The venture investment arm of the nonprofit Accion invested in financial tech companies before “fintech” was a thing.
“When we started a decade ago, it wasn’t even a word,” recalls Amee Parbhoo, part of the VC group’s founding team.
After more than 75 investments and 13 exits, Accion Ventures has dropped “Lab” from its name. It has also closed its second fund, securing $61 million to find and seed promising startups driving access to financial services in emerging markets.

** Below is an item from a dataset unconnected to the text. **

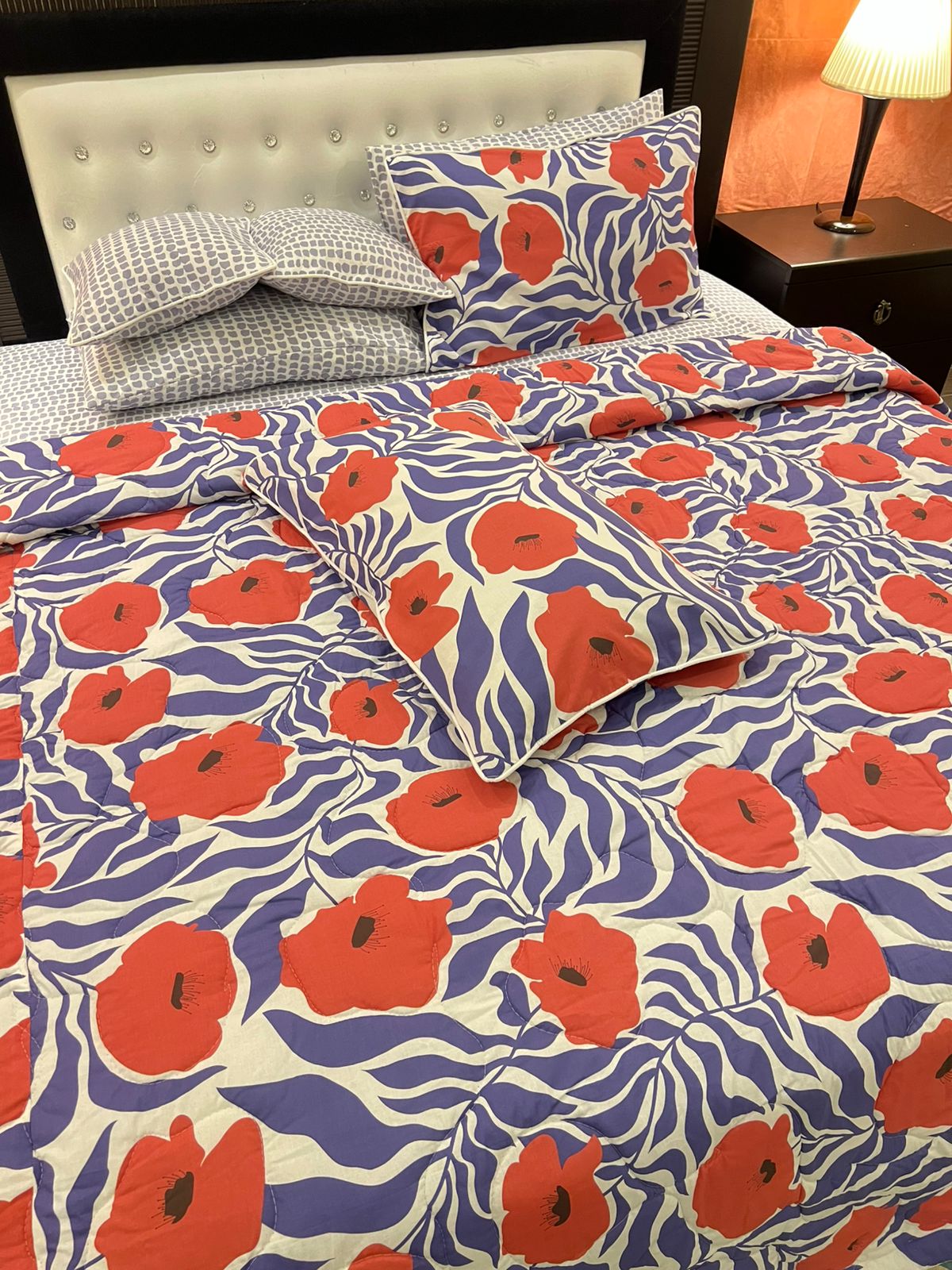 8 Pieces Queen Size Comforter Set: 1 sheet (90"x95"), 4 pillow covers (19"x29"), 2 cushion covers (16"x16") and 1 comforter with light polyester filling (90"x95")

“We are sticking to our core mission. We’re still early-stage, still the first seed check,” said Parbhoo. But: “It doesn’t feel like we’re a lab anymore.”
Next-level fintech
When Accion started investing in fintech in 2015, many solutions were focused on credit or savings. Fintech has expanded access to mobile money, online banks, payment systems and digital banking. The percentage of adults worldwide that have secured access to formal financial services has increased from 52% to 75% in the past decade, and two in three adults use some form of digital payments, said Parbhoo.
Accion is now focusing on driving inclusion through “contextualized” financial products: “how people are using financial products to better their lives, to become more resilient, to grow their businesses,” Parbhoo said. “We haven’t made as much progress on that.”
Among the portfolio companies in Accion Ventures’ second fund is PaidHR in Nigeria, which provides payroll and HR services to small businesses and startups. Foyer in the US is helping first-time homebuyers save for a down payment with a high-yield savings product. FinFra in Indonesia provides embedded finance to help small businesses secure access to credit.
Accion Ventures’ most recent investment is in TransBnk, a banking and payments infrastructure company in India.
Repeat investors
Accion Ventures’ second fund was anchored by Dutch development bank FMO and Accion. Proparco, Ford Foundation, MetLife Asset Management, ImpactAssets and Mastercard also participated.
“Most of our existing investors from fund one reupped and put in more for this fund,” said Parbhoo. “That kind of support and commitment when it’s a very difficult fundraising environment is huge, and was very helpful for us in the fundraising process.”